▶ _Action item_
Each line below should be retyped exactly, with no pictures.

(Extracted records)
*** Begin section ***

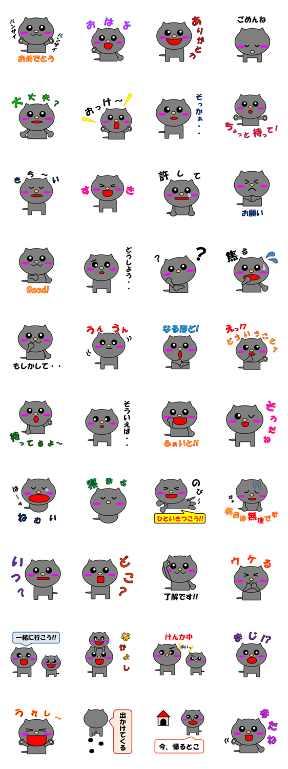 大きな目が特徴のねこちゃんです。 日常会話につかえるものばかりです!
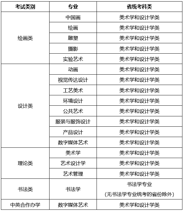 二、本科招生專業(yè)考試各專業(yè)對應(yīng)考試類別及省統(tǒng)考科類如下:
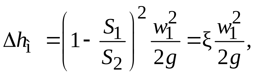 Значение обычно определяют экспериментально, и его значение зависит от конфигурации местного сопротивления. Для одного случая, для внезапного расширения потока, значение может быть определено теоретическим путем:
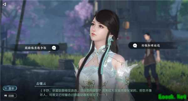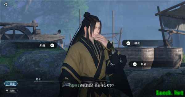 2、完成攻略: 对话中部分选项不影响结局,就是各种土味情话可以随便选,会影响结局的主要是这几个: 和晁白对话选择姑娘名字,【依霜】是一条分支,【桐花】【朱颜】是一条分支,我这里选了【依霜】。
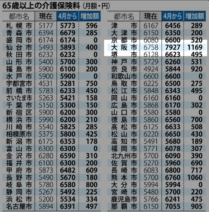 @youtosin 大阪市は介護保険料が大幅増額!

*** End section ***

▶ _Exercise result_
 大きな目が特徴のねこちゃんです。 日常会話につかえるものばかりです!
 二、本科招生專業(yè)考試各專業(yè)對應(yīng)考試類別及省統(tǒng)考科類如下:
 Значение обычно определяют экспериментально, и его значение зависит от конфигурации местного сопротивления. Для одного случая, для внезапного расширения потока, значение может быть определено теоретическим путем:
 2、完成攻略: 对话中部分选项不影响结局,就是各种土味情话可以随便选,会影响结局的主要是这几个: 和晁白对话选择姑娘名字,【依霜】是一条分支,【桐花】【朱颜】是一条分支,我这里选了【依霜】。
 @youtosin 大阪市は介護保険料が大幅増額!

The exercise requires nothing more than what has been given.